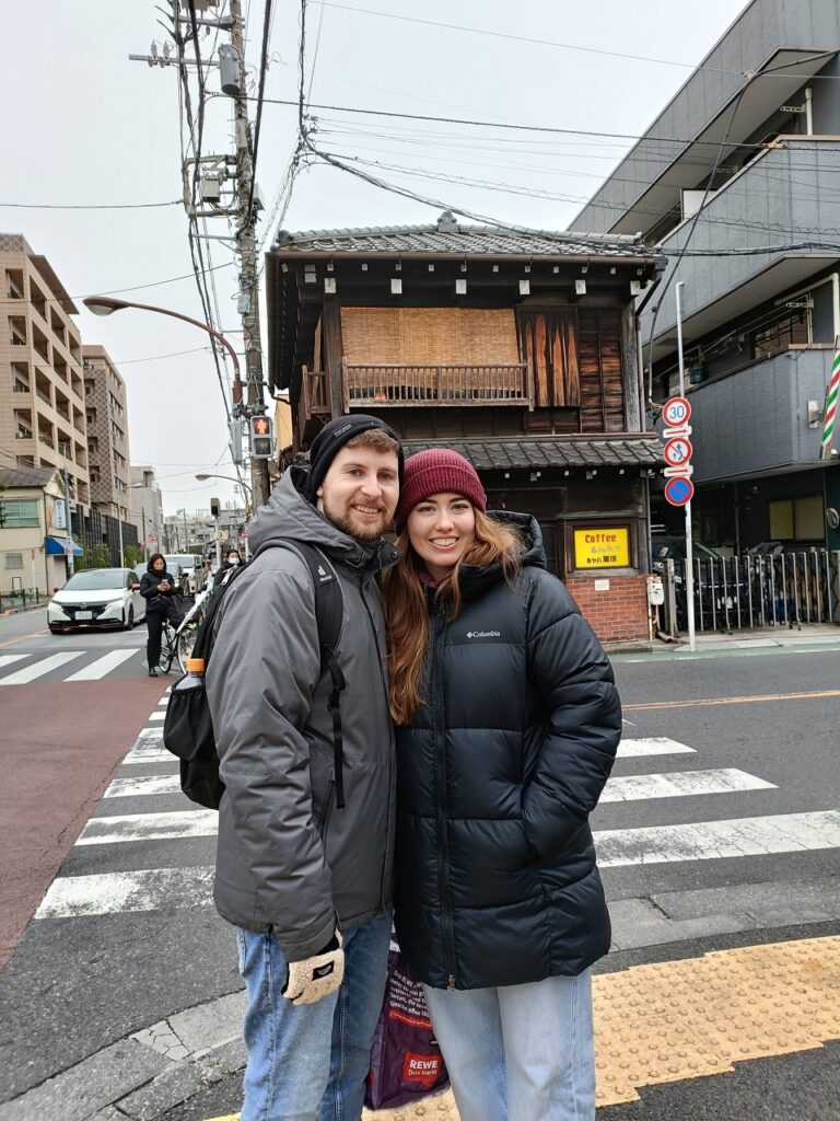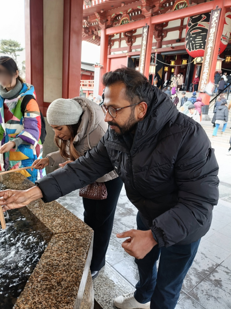Although the cold was sharp, it brought some unexpected good moments. One of them was visiting Kameju, a very popular Japanese sweets shop in Asakusa that usually has a long line. Thanks to the snowy weather, I was able to enter more easily and buy some souvenirs.
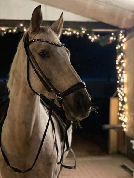 If everything fits, we would choose to place our pony Goldbär in a new 5-star home. Goldbär is a 9-year-old German Riding Pony gelding by FS Coconut Dream out of FS Don’t Worry. He is a reliable partner for children and also brings joy to a slender adult rider. He has an interesting palomino coat and a calm, faultless temperament. He competes in dressage and is capable of performing all movements up to level L. Equally, he can be ridden in lunges by beginners. He is never spooky, fearful, or mean. He always gives his best and stays in good spirits. We have owned him since he was 3 years old; he has always been healthy, with no illnesses or lameness. My daughter has mostly ridden him alone from lead-rein classes up to A-level dressage, and at home, he also performs L-level exercises. He enjoys hacking, is farrier-friendly, loads easily, and is experienced in competitions. He gets along well with other horses but can also be kept alone. He is familiar with the driving harness and enjoys being on pasture. He has also been kept in open stable management. For my daughter, competitive ambition was not always the top priority, so his dressage talent has not yet been fully developed. His maternal half-brother is the European Championship medalist FS Capelli de Niro. Selling is not a necessity; we only want the best possible home for him – because he deserves nothing less. Otherwise, he remains our mascot and will either go into early retirement or be kept in our stable as a companion.
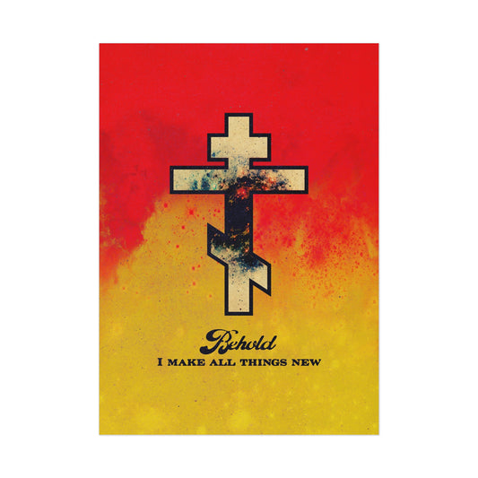 Behold, I Make All Things New (Rev 21:5) | Cosmic Orthodox Cross on Red and Yellow Background | Orthodox Christian Art Poster

**Task to complete**
Every line of the data above is to be set down exactly; the pictures are not.

**Output**
Although the cold was sharp, it brought some unexpected good moments. One of them was visiting Kameju, a very popular Japanese sweets shop in Asakusa that usually has a long line. Thanks to the snowy weather, I was able to enter more easily and buy some souvenirs.
 If everything fits, we would choose to place our pony Goldbär in a new 5-star home. Goldbär is a 9-year-old German Riding Pony gelding by FS Coconut Dream out of FS Don’t Worry. He is a reliable partner for children and also brings joy to a slender adult rider. He has an interesting palomino coat and a calm, faultless temperament. He competes in dressage and is capable of performing all movements up to level L. Equally, he can be ridden in lunges by beginners. He is never spooky, fearful, or mean. He always gives his best and stays in good spirits. We have owned him since he was 3 years old; he has always been healthy, with no illnesses or lameness. My daughter has mostly ridden him alone from lead-rein classes up to A-level dressage, and at home, he also performs L-level exercises. He enjoys hacking, is farrier-friendly, loads easily, and is experienced in competitions. He gets along well with other horses but can also be kept alone. He is familiar with the driving harness and enjoys being on pasture. He has also been kept in open stable management. For my daughter, competitive ambition was not always the top priority, so his dressage talent has not yet been fully developed. His maternal half-brother is the European Championship medalist FS Capelli de Niro. Selling is not a necessity; we only want the best possible home for him – because he deserves nothing less. Otherwise, he remains our mascot and will either go into early retirement or be kept in our stable as a companion.
 Behold, I Make All Things New (Rev 21:5) | Cosmic Orthodox Cross on Red and Yellow Background | Orthodox Christian Art Poster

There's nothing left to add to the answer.